We solve both of these by introducing another layer of Currying - writing a macro to generate recur(recur'), taking the name of the evaluate-function-generating macro (`leng) as its argument, and returning the double-call to recur, like so:
define(`recurWrapper', `dnl define(`recur',dnl `pushdef(`LL',dnl `$1''changequote([,])(['changequote([,])`changequote`]`$[]1'(``$[]1'')dnl ['changequote([,])'changequote`])changequote`dnl (changequote([,])`$[]1'changequote)dnl `popdef(`LL')')'dnl `LL')dnl recur(`recur')')`'dnl
recurWrapper simply expands to an call to an appropriately-defined recur function, so it can be used like:
recurWrapper(`leng')(`abcd') ->4
and of course we can bind the name length to such a call to recurWrapper, for reusability.
This is almost what we came looking for, with one important exception - the call to recurWrapper leaves recur defined - we haven't popped the definition. As it stands, we're not able to. As we discussed in the previous essay, our "anonymous functions" can only be executed once, but we need to execute recur multiple times. And we can't simply pop the definition after the execution of recur, since that is the last action of recurWrapper, which must have nothing between it and the argument to come.

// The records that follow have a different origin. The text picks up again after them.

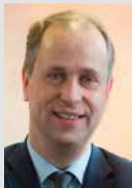
Dr. Joachim Stamp
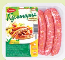
Колбаски для жарки охлажденные 400 г (Самсон)
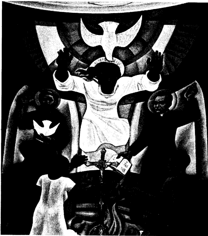
Detalle del mural de la catedral de Quibdó (Colombia)

Vive en comunión con otras personas que tienen también a Claret como punto de referencia y forma con ellas el Movimiento de Seglares Claretianos y la Familia Claretiana.
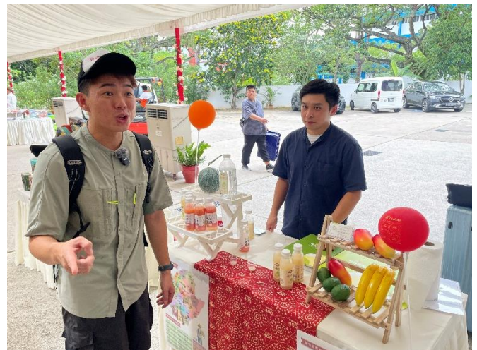
圖 22：HongisBored 影音創作者，拍攝宣傳綠園牧場。
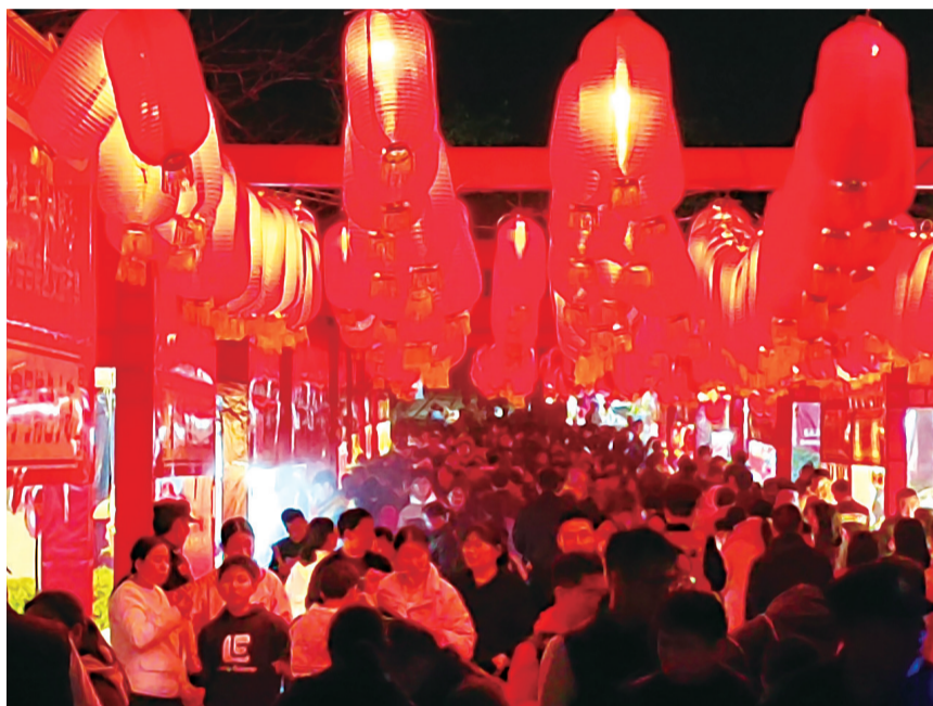
许多市民朋友前来打卡赏灯

“鲤城、丰泽、洛江、台商区的灯展各具特色,除了展出传统花灯,更多地凸显了泉州海丝、泉州民俗文化等元素,融合进现代的科技、时尚元素,传统的灯会焕发新活力。”该相关负责人表示。
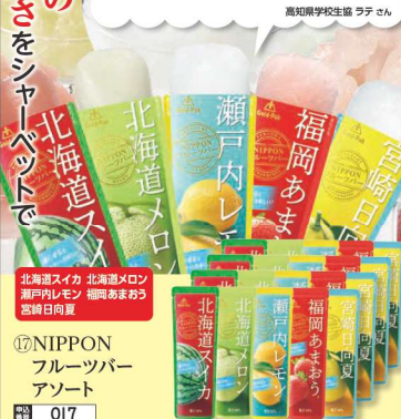
北海道スイカ 北海道メロン 瀬戸田レモン 福岡あまおう 宮城日向夏
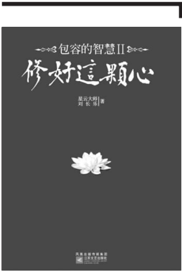
《包容的智慧 II 修好这颗心》 星云大师 刘长乐 著 江苏文艺出版社

《修好这颗心》是星云大师与刘长乐先生继2007年合作《包容的智慧》后的又一次智慧互动,与我们交流人生的阅历、世间的故事、生活的感知、从心治、义利、笃学、慈爱到忍辱、舍得、财富、格局。书中观点和态度更加与时俱进,也更入世、更实用、更贴近读者的生活,而故事也更幽默、更动人。这也就决定了它在风格上的时代感,会让读者进一步体会古老东方哲学与现代都市人呈现出的完美交融。
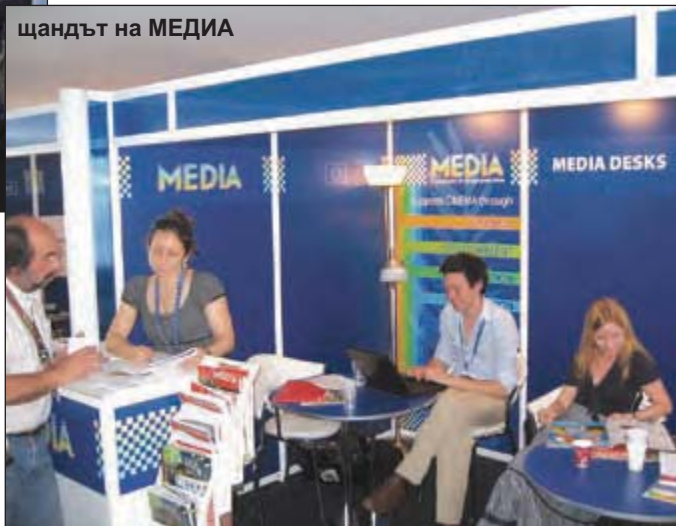
щандът на МЕДИА

денят от Националния филмов център каталог „Български филми 2007–2009“ и много други брошури и информационни материали, свързани с филмовата ситуация в страната, фестивалите, възможностите за копродукции и т. н.
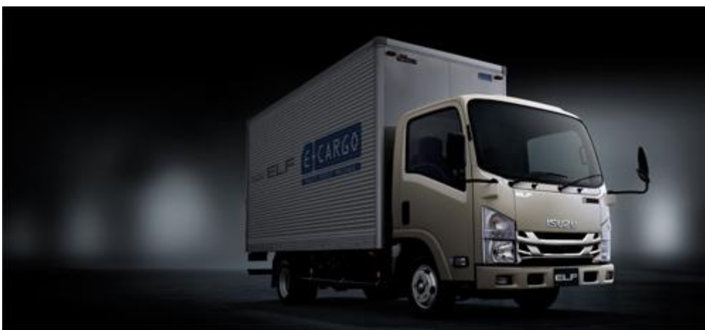
エルフ E カargo
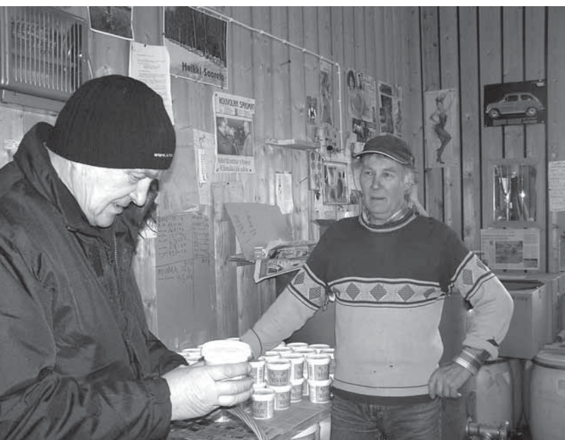
Saarelan Heikin hunajaa saa myös suoraan tilalta

Vaikka liito-orava on lainsäädännössä määritelty uhanalaiseksi, on se nykyään yleinen etelä-Suomessa. Yöllä ja hämärissä liikkuvana siitä ei usein onnistu kuitenkaan saamaan näköhavaintoa.
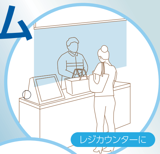
レジカウンターに
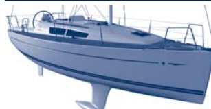
Sun Odyssey 33i
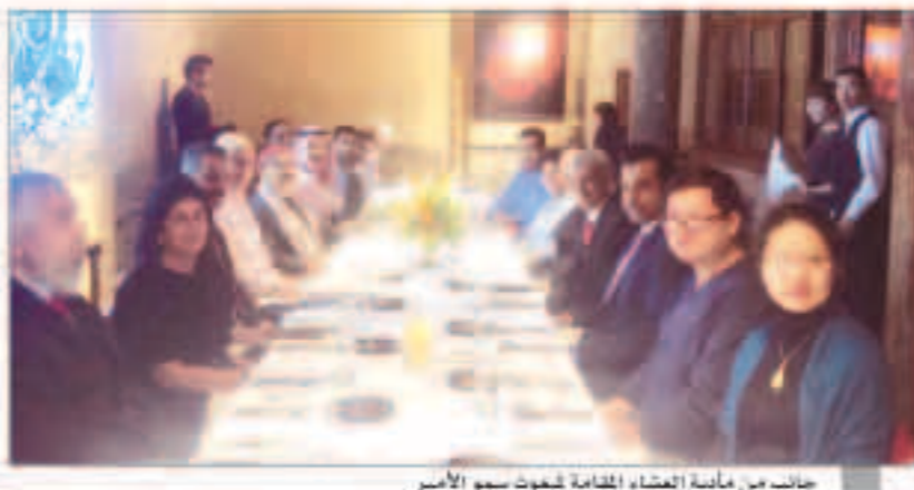
جانب من مأدبة العشاء الخاصة بمبعوث سمو الأمير

التي العاصمة الصينية بكين في زيارة رسمية حيث قال السفير حيايت في بيان "كونا" أن الشيخ ناصر جعل رسالة خلية من سمو أمير البلاد إلى الرئيس الصيني شي جين بينغ تتعلق بتعميق التعاون الثنائي وتعزيز الشراكة الإستراتيجية بين الكويت والصين. وكان الشيخ ناصر الصباح وصل أمس الأول

So we must allow for one final anonymous function to clear up after recur, and ensure that a call to recurWrapper leaves the macro namespaces as clean as it found it - we write another function to wrap the final call to recur, and pop its definition:
define(`recurWrapper', `dnl define(`recur',dnl `pushdef(`LL',dnl `$1''changequote([,])(['changequote([,])`changequote`]`$[]1'(``$[]1'')dnl ['changequote([,])'changequote`])changequote`dnl (changequote([,])`$[]1'changequote)dnl `popdef(`LL')')'dnl `LL')dnl pushdef(`LL',`dnl recur(`recur')'changequote([,])(`$[]1')changequote`dnl popdef(`recur')`'popdef(`LL')')`'dnl '`LL')`'dnl
This is now a fixed point combinator for the m4 macro language. We can provide a evaluative-function generating macro - like leng above - which evaluates one step of a recursive function, and then calls to an unspecified continuation function. Given such a macro, passing its name as an argument to the latter recurWrapper' expands to a full evaluation of the recursive function. To make this clearer, we can rename the macro `m4Y (the Y combinator in m4), and rename its "anonymous functions" for consistency.
define(`m4Y', `dnl pushdef(`m4Y_recur',dnl `pushdef(`m4Y_LL',dnl `$1''changequote([,])(['changequote([,])`changequote`]`$[]1'(``$[]1'')dnl ['changequote([,])'changequote`])changequote`dnl (changequote([,])`$[]1'changequote)dnl `popdef(`m4Y_LL')')'dnl `m4Y_LL')dnl pushdef(`m4Y_LL',`dnl m4Y_recur(`m4Y_recur')'changequote([,])(`$[]1')changequote`dnl popdef(`m4Y_recur')`'popdef(`m4Y_LL')')`'dnl '`m4Y_LL')`'dnl
Ta-da!
There is one small caveat to the above which is why we renamed the "anonymous functions" - they are not anonymous for the duration of any calls to the evaluation of the recursion, so that must not use the strings m4Y_recur or m4Y_LL inside the evaluation function.
That aside, we can now do the following:
define(`length', `dnl m4Y(`leng')(`$1')')`'dnl
"define length to be the function resulting from the application of m4Y to the leng macro."
length(`abc') -> 3 length(`abcd') -> 4
and we recover the correct answer, having used m4Y in a fashion transparent to the caller.